Corund ceramics Photo: Ferenc Kelemen Wikipedia

Those with an interest in ceramics can further explore the commune of Corund, in central Romania’s Harghita county, one of the best-known pottery centers in the country. For the making of the vessels, the clay is kneaded with a bit of water, cleaned of impurities, cut into stripes and modeled on the potter’s wheel. The Corund pottery is decorated with floral or stylized zoomorphic motifs and can be white, brown, cobalt blue or multicolored.

Corund is located close to the Praid salt mine, and 29 km south of Sovata, a resort known for its salty lakes and beautiful surroundings. Some 75 km east of Corund is Târgu Mureș, a city which is worth visiting for the reasons we list here.
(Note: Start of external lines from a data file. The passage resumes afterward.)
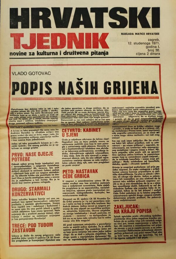 Hrvatski tjednik – novine za kulturna i društvena pitanja 12.11.1971.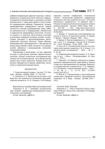 2. Стеценко А. И. Локальные институции в университете как возможность проявления преподавательской активности / А. И. Стеценко //XVIII Международная научная конференция “Сорокинские чтения”: классический университет: современные тенденции и векторы развития (на пути к 270-летию Московского университета), 19 февраля 2024 г. Сборник материалов [Электронное издание сетевого распространения]. - Москва: МАКС Пресс, 2024. -С. 144-146. - URL: https://www.socio.msu.ru/documents/sorokinsbornik2024.pdf (дата обращения: 02.09.2024).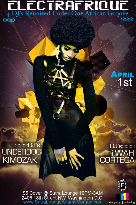 ELECTRAFRIQUE is a party that explores recent grooves of all types and flavors from or inspired by Africa. Think about msanzi house, coupe decale, kwaito, kuduro, zouglou, as well as of course classic afrobeat, funk and deep/souful house cuts… This is moving music, and music for moving… So come and ride the rhythm with us!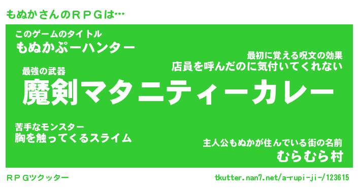 | 男性向けラノベタイトル風あだ名 | 『もぬかの憂鬱』 |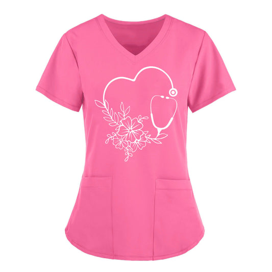 Stethoscope Pattern Scrub Short Sleeve Doctor Nurse Uniform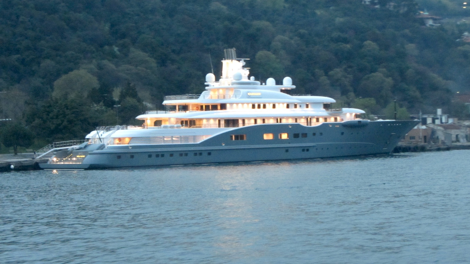 Kuruçeşme'de Savarona yatının hemen önüne demirleyen 110 metre uzunluğundaki süper lüks yatta yok yok...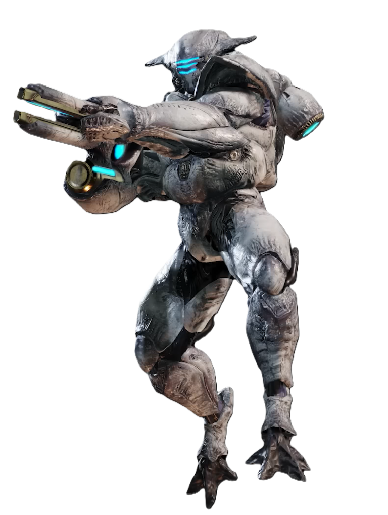 The Overseer is a medium infantry unit of the Illuminate, wielding an energy staff that functions as both a ranged and melee weapon. It also carries a directional energy shield on its left arm, which it deploys for protection when not attacking.
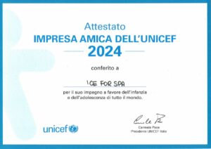 Siamo entusiasti di annunciare che ICEFOR SPA ha deciso di unirsi al programma “Impresa Amica dell’UNICEF”, sostenendo con orgoglio l’operato di UNICEF Italia e il suo impegno a favore dei bambini in tutto il mondo.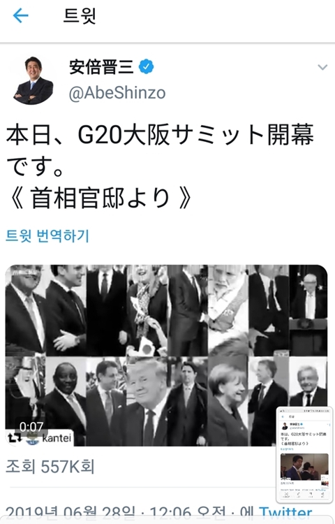 28일 오전 10시 30분께 트위터와 인스타그램의 아베 신조(安倍晋三) 일본 총리 계정에 G20 회의 개막 상황을 속보로 전하는 게시물이 올라왔다.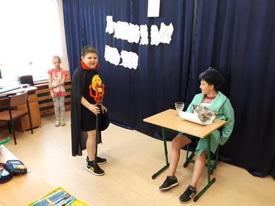 Uczniowie kl. IV podczas przygotowanej w grupach inscenizacji opartej na tekście A. Mickiewicza pt."Pani Twardowska"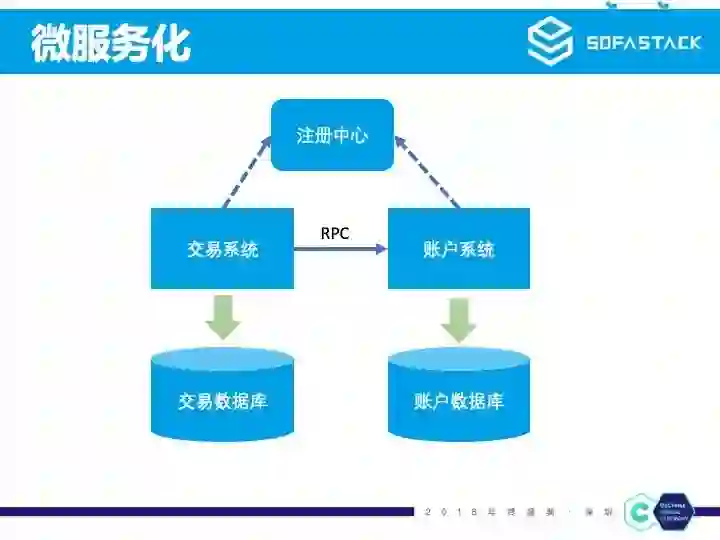 所以支付宝就对大系统进行了拆分,将原来的一个单体应用内部的多个模块变成了多个独立的子系统,这算是典型的 SOA 化的架构。最开始系统之间是使用 F5 的硬件负载设备来做系统间的负载均衡,但由于 F5 设备存在单点的问题,所以后面就在中间引入一个注册中心的组件。服务提供者去注册中心注册服务,服务消费者去注册中心订阅服务列表,服务消费者通过软负载方式通过 RPC 框架直接调用服务提供者。这在现在看来是一种非常显而易见的服务化架构,但当时 07 年就采用这样的架构还是算比较超前的。 支付宝在做系统拆分的同时,对数据库也按子系统进行了垂直拆分。数据库的拆分就会引入分布式事务的问题,蚂蚁金服中间件就提供了基于 TCC 思想的分布式事务组件 DTX。
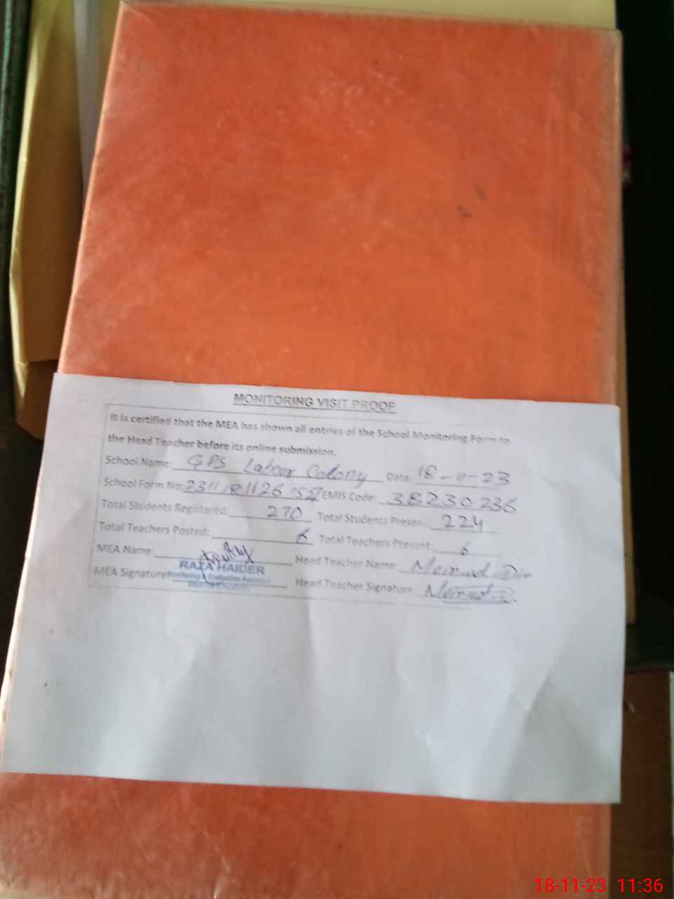 | Attendance Register | Head Teacher | MEA with School | Visit Proof |

In northeastern Romania, the village of Marginea, in Suceava county, is known for the production of black ceramics, a craft that is believed to have started here around 1500. The black color comes from the way the clay is burnt. At some point in the burning process, the kiln is closed and the vessels burn in the smoke, which slowly penetrates the clay, turning the ceramics black.

A traditional wooden gate Photo: Krasqa/ Wikipedia

The north-western Romania region of Maramureș is known, among other things, for the beautiful woodwork that is crafted here. A wide range of wood-carved items are made in the region, from plates to furniture, while the wooden gates of the houses in the Maramureș villages or the wooden churches are some of the most exquisite examples. The wooden churches, which are listed as UNESCO’s World Heritage sites, are recognizable by their narrow constructions, featuring tall and slim towers. Some of the most beautiful are those of Bârsana, dating back to 1720, and of Budesti Josani, Desesti, Ieud, Surdești, Plopiș, Poienile Izei, and Rogoz. Another craft that has a myriad of expressions and forms in the region is that of textiles, ranging from the traditional dress and colorful rugs to bags, bed sheets and table cloths.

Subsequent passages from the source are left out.